Karamollaoğlu, açıklamasının akabinde bir gazetecinin, “Kılıçdaroğlu’nun adaylığını uygun görüyor musunuz?” sorusuna, “Ben bunun için geçmişte sözde bulunmuştum. Şu anda bir cumhurbaşkanı adayının belirlenmesinin erken olduğu kanaatindeyim. Vakti geldiğinde bu istişarelerle karara bağlanır. Sayın Cumhurbaşkanı, ‘seçim, vaktinde yapılacak’ diyor. Vaktinde da olabilir, erken de olabilir lakin seçim sonucu alındıktan daha sonra süratle bir cumhurbaşkanı adayı yahut birkaç cumhurbaşkanı adayı ortaya çıkabilir” diye karşılık verdi.

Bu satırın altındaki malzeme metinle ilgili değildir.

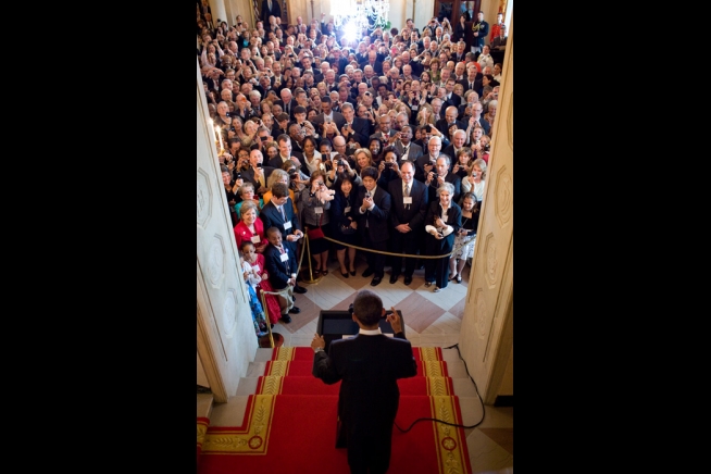 President Barack Obama delivers remarks during a reception for members of Federal Judge Association in the Grand Foyer of the White House, May 24, 2010. (Official White House Photo by Pete Souza)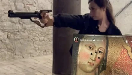 Ισχυρίστηκε μάλιστα ότι πρόκειται για ατύχημα ωστόσο η ίδια είχε δημοσιεύσει στον προσωπικό της λογαριασμό στο Instagram την εικόνα της Παναγίας και του Χριστού γεμάτη τρύπες από σφαίρες γράφοντας «Τερματισμός».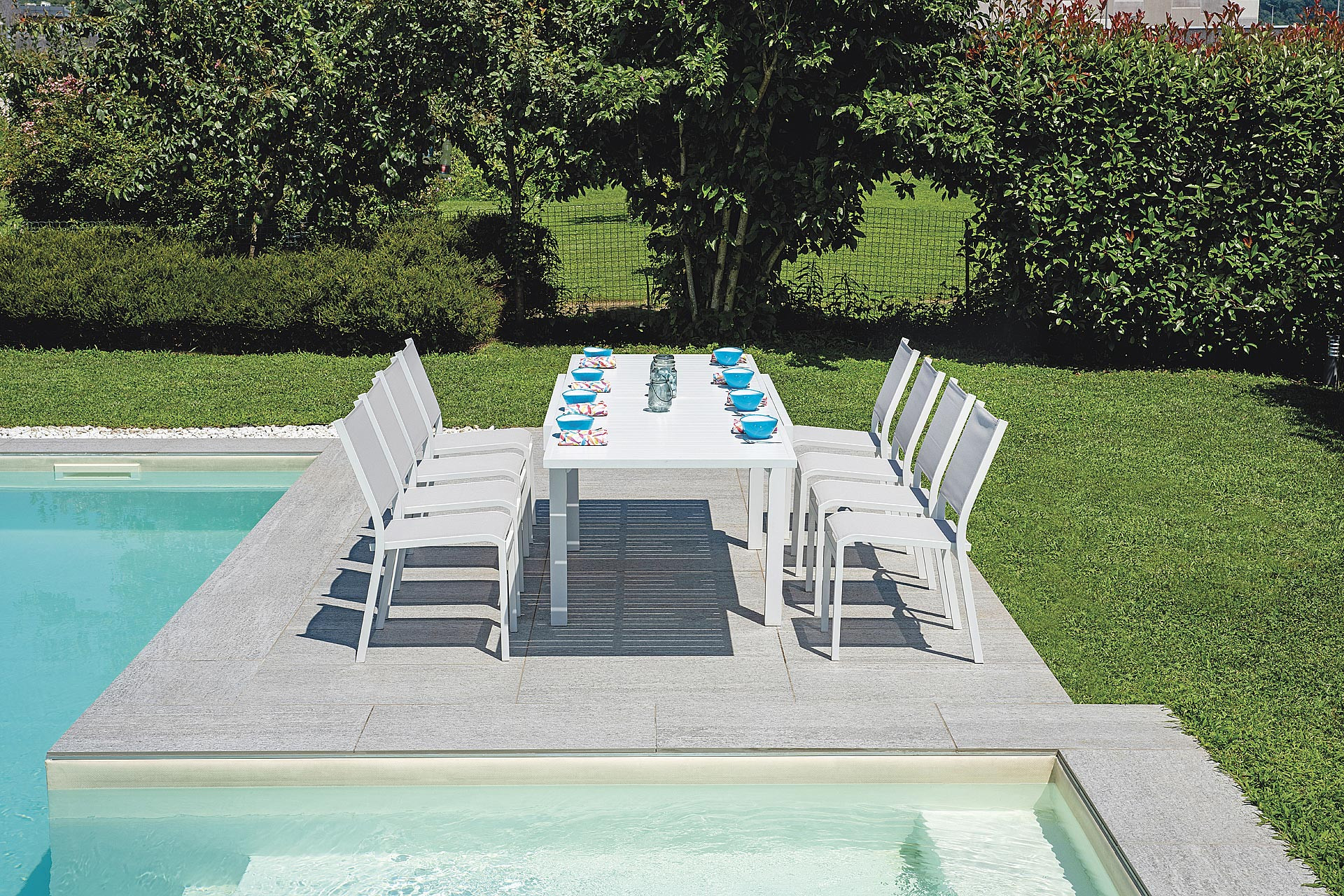 Con una lunghezza regolabile da 135 cm a 270 cm, il tavolo Montecatini è in grado di ospitare fino a 12 persone, rendendolo perfetto sia per l’uso quotidiano che per occasioni speciali. Il design rettangolare dalle linee pulite e decise si abbina perfettamente a sedute da esterno come le sedie Tenerife, creando un ambiente armonioso ed elegante.

Karamollaoğlu, Gelecek Partisi ile Demokrasi ve Atılım Partisi’nin Millet İttifakı’na katılacağı ve ittifakın isminin ‘Büyük Millet İttifakı’ olacağı argümanlarının hatırlatılması üzerine ise, “Bir ittifak olsun olmasın lakin kıymetli husus, bugünkü sistemin kesinlikle değişmesidir. Bu sistemin nasıl değişeceği konusunda da bu arkadaşlarımızın iştirakiyle birtakım görüşmeler aslına bakarsanız yapılıyor. Lakin bu ittifak manasında değil. Nasıl bir sistem kurulsun, nasıl kararlar hızla alınabilsin, o görüşmeler yapılıyor. Bunun da faydalı olduğu kanaatindeyim. aslına bakarsanız bu biçimde bir dirsek teması var” tabirini kullandı.